I thought about striking this one off the list since the 2023 Solterra seems to be completely sold out. It remains on the list since there are some incredible dealer discounts on 2024 models that could drive the average monthly lease cost of a 2024 to well below $300/month. Most notably, Heritage Subaru Catonsville in Maryland, Diehl Subaru in Ohio, and Diablo Subaru of Walnut Creek in California are discounting in-stock 2024 Solterras in Premium trim by $6500 or more, which should translate into a $70/month reduction from the factory lease terms, resulting in an effective monthly lease cost of $250 to $260 per month. Judging by the market reaction to a no-down, $241/month factory lease offer that quickly cleaned out 2023 models from dealer inventories in April, $260/month is a pretty good deal for a current-year all-wheel-drive five-passenger crossover that goes 227 miles on a charge, hustles from zero to 60mph in 6.5 seconds, and carries 29 cubic feet of cargo behind its rear seats.
2024 Subaru Solterra (Source: Subaru)
By our count, Solterra availability has at least tripled in the last two months as an influx of 2024 models arrived at dealerships, which might be part of the reason for some of the enticing discounts we found. Find a great deal on a Subaru Solterra near you.
3. 2024 Hyundai Ioniq 6 SE RWD – $264/month
Maybe it’s not the cheapest lease on this list, but its incredible 361-mile range arguably makes the Hyundai Ioniq 6 SE in rear-wheel-drive configuration the best value of the bunch. Capable of sprinting to 60mph in just 6.2 seconds, the five-passenger sedan clearly manages to achieve its range without sacrificing performance. A slippery albeit somewhat polarizing exterior design likely factors into its efficiency, leaving a smaller than average 11.2 cubic foot trunk as perhaps the only evidence of compromise.
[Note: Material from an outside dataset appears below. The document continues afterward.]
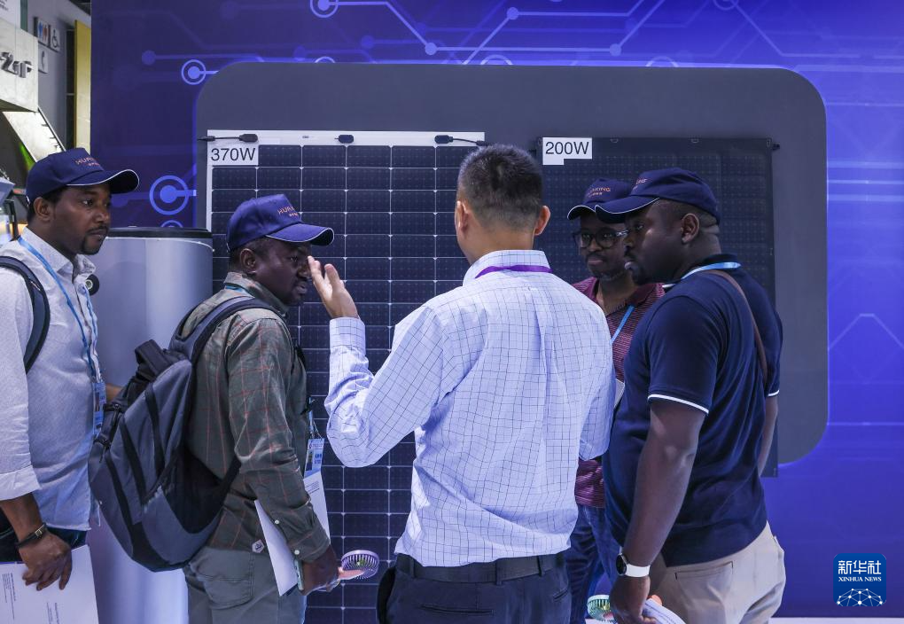 4月15日,境外采购商在第135届广交会上参观太阳能电池展台。

The factory lease terms of $189/month for a short 24 months with $1999 due at signing before tax and license is quite attractive for an EV with best-in-class range that’s only on its second year in the US. In fact, Hyundai’s Ioniq 6 factory incentives over the past couple of months seem to have been working so well that advertised dealer-advertised discounts currently range from modest to nonexistent, even on higher trim levels. That being said, popular car shopping websites indicate that discounts of about $1500 can be achieved in some areas. Look for a Hyundai Ioniq 6 deal near you.
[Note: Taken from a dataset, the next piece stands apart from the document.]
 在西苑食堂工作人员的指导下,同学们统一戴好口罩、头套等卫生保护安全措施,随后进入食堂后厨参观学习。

4. 2024 Toyota bZ4X XLE – $266/month (AWD in NY), $267/month (FWD in CA)
Unfortunately you’ll probably have to wait If you want a Toyota bZ4X because last month’s factory lease offers on the were spectacular, with average monthly lease costs starting from $191/month for a 2023 and $227/month for a 2024. In-stock inventory was depleted in less than two weeks, so now dealers are just taking reservations for in-transit and allocated vehicles that barely entered the build phase.
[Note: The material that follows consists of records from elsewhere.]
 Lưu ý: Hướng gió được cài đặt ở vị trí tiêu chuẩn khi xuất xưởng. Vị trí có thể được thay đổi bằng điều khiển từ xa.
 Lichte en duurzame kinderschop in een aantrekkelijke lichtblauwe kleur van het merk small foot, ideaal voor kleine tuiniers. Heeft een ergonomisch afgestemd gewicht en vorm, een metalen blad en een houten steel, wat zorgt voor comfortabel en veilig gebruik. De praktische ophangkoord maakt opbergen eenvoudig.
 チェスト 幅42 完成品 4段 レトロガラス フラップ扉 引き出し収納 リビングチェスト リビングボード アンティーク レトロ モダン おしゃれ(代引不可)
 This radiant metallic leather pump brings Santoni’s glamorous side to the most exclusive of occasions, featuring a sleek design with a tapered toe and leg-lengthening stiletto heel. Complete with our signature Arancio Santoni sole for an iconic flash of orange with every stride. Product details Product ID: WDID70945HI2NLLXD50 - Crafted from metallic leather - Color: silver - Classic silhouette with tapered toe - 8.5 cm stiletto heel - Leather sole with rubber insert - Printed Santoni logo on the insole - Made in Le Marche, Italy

2023 Toyota bZ4X Source: Toyota
Today, shopping for a bZ4X almost feels like we’ve traveled back in time, circa 2021, when dealer markups and mandatory accessories were the norm rather than the exception. One dealership in the Los Angeles area that was peddling their inventory of 2024 models for nearly $3000 under MSRP in April is now listing a $1990 upcharge for dealer-installed accessories on each bZ4X that is in transit or still being built. And guess what? Six out of seven are reserved. This could indicate that Toyota’s factory lease terms on the bZ4X may have bottomed last month, given that dealers can secure deposits despite a $37/month hike in lease cost. It won’t be a complete surprise if bZ4X leases gradually ratchet up in cost from here until equilibrium is achieved between supply and demand.
As it stands, Toyota’s California lease offer of $189/month for 36 months with $2999 due at signing before tax and license is a true bargain for a front-drive five-passenger crossover that hauls 27.7 cubic feet of cargo behind its rear seats, travels 252 miles on a full charge, and does zero to sixty in a tick over seven seconds. New Yorkers get an even better offer – $159/month for 36 months, $3999 due at signing – for an all-wheel-drive with a 228-mile range and 0-60 time of 6.5 seconds. Great deals, assuming minimal dealer markups and add-ons.
Shoppers who don’t enjoy negotiating with dealers that have the upper hand should seriously consider the Subaru Solterra, which is pretty much a carbon copy of an all-wheel-drive bZ4x but with immediate availability and attractive retailer discounts. For die-hard Toyota loyalists and those that just can’t live without the additional 24 miles of range of a front-drive bZ4X, we can help find a fair deal on a Toyota bZ4X in your area.
5. 2024 Nissan LEAF S – $294/month (Northeast, DE, VA, MD), $315/mo (elsewhere)
At $189/month for 36 months with $3,959 to start, the average monthly lease cost for the Nissan LEAF S is dipping to just under $300/month for the first time in over two years. However, that still seems a bit expensive for the aging front-drive, five-passenger hatchback with 24 cubic feet of cargo space behind its rear seats since it only travels 149 miles on a full charge and takes 7.4 seconds to achieve 60mph from standstill.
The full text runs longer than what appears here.